Norman Sheil

Personal information
- Born: 22 October 1932 Liverpool, England
- Died: 25 October 2018 (aged 86) Niagara-On-The-Lake, Ontario, Canada

Team information
- Discipline: Road and track
- Role: Rider
- Rider type: Endurance

Amateur team
- Melling Wheelers

Medal record
Representing England
UCI World Championships
| Gold medal – first place | 1955 Milan | Individual pursuit |
| Gold medal – first place | 1958 Paris | Individual pursuit |
British Empire and Commonwealth Games
| Gold medal – first place | 1954 Vancouver | Individual pursuit |
| Gold medal – first place | 1958 Cardiff | Individual pursuit |

= Norman Sheil =

English cyclist (1932–2018)

Norman Leslie Sheil (22 October 1932 – 25 October 2018) was a racing cyclist who won world pursuit championships for Britain in 1955 and 1958 and rode the Tour de France in 1960. He became national coach of the British Cycling Federation and later of the Canadian Cycling Association. He returned to racing in 1998, one month after the birth of his grandson, and won the world points championship for over-65s, in Manchester England.

== Origins ==
Born in Liverpool on 22 October 1932, Norman Sheil started club riding with the Phoenix (Aintree) club in Liverpool in 1948. He said: "I shall never forget those 40 miles, especially the look on my mother's face when she saw me after the run ended. She thought I was deadly ill or something.

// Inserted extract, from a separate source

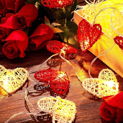 Valentinstagsherz Lichterkette Vintage Rattan Herzform Lichterkette...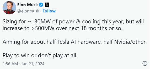 “要么就赢,要么就别玩(Play to win,or don't play at all)。”马斯克6月的一条X信息是对其野心的最好诠释,而他更具体的计划是在今年12月前训练出“按每项指标衡量都是世界上最强大的人工智能。”

And I didn't feel so good, as a matter of fact."

He rode his first race at the end of 1948, using a bicycle he had built himself from a frame given to him by an uncle, Bill Cronshaw, a racer in the 1920s. As his love of bike racing continued to get stronger. Fellow L'Pool racers were telling Norman. "If you want to get real good at bike racing then you have to meet Eddie Soens." Eddie met Norman by the front door of the Soens bike shop. "What can I do for you lad ?" Eddie asked. "I've heard. That to become a great bike rider I need to associate myself with you". From there Norman rode a 25-mile [40 km] time-trial in 1h 9m 4s. By 1949 he had improved to 1h 3m 30s, in an event held by the Molyneux club on Merseyside. He moved clubs, from the Phoenix to Walton Paragon, rode a little in 1950 and was then called for national service in February 1951. He spent two years as a naval signalman but without cycling. After his return from service Norman joined the Melling Wheelers.

== Amateur career ==
Sheil was the first British rider to ride a 25-mile time-trial in 55 minutes, using a 48x15 fixed wheel (i.e. 86 inch gear) in 1957. He held national records at 5, 10, 25 miles and 1 hour (26miles 1398yds).

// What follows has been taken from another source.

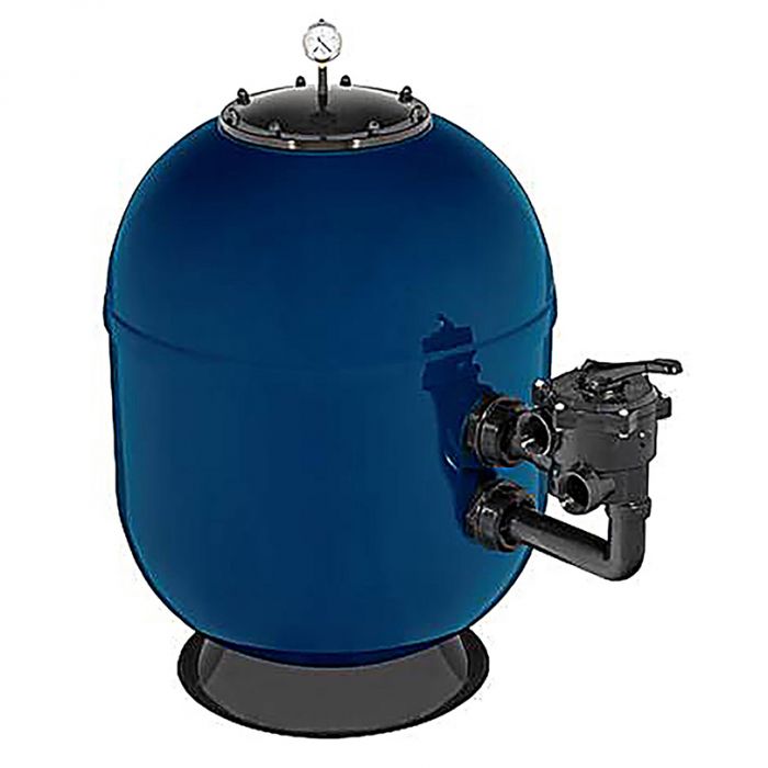 Filtre à sable de type side, cuve monobloc réalisée en polyester.

Sheil won the 1954 Empire Games pursuit championship in 5m 3.5sec, beating his England teammate Pete Brotherton by six seconds. His title and then a national record time of 5m 10s later that year in London made selection for the following year's world championship in Milan inevitable. Sheil met the defending champion, Leandro Faggin of Italy, in the semi-final. Sheil won that match and Brotherton won his so that the two Britons met in the final. Sheil won in a British record of 4m 57s.

He represented the England team in the pursuit event at the 1958 British Empire and Commonwealth Games in Cardiff, Wales, winning the gold medal.

== Tour de France ==
Sheil raced on the road in France after winning the pursuit championship for the second time, winning six times. He was one of several British riders such as Stan Brittain, Harry Reynolds and John Kennedy. Two others—Tom Simpson and Brian Robinson—were more established there. The growing number of British riders in France, and the end of a civil war between the National Cyclists Union and the British League of Racing Cyclists, led the Tour de France to invite a team of eight from Britain in 1960. The Tour was still disputed by national rather than trade teams.

Only Robinson and Simpson finished, 26th and 29th. Sheil dropped out after crashing on the 11th stage, when he was in 14th place.

== Coaching ==
Sheil retired from racing soon after the Tour, his last international race taking place in San Sebastian, Spain, in 1963. In 1965 he became national coach in Britain, helping establish the British Cycle Coaching Scheme and the English (now British) Schools Cycling Association. He held the job until 1972. He was Canadian national coach from 1978 to 1982, then a track coach in the US in 1989. He died at his home in Niagara-On-The-Lake, Ontario on 25 October 2018, following complications of both leukaemia and vascular dementia, leaving behind his wife Rachel,
his son, Martin and his family, including his grandchildren, Benjamin, Harry and Jessica.

==Golden Book of Cycling==
He has an entry in The Golden Book of Cycling.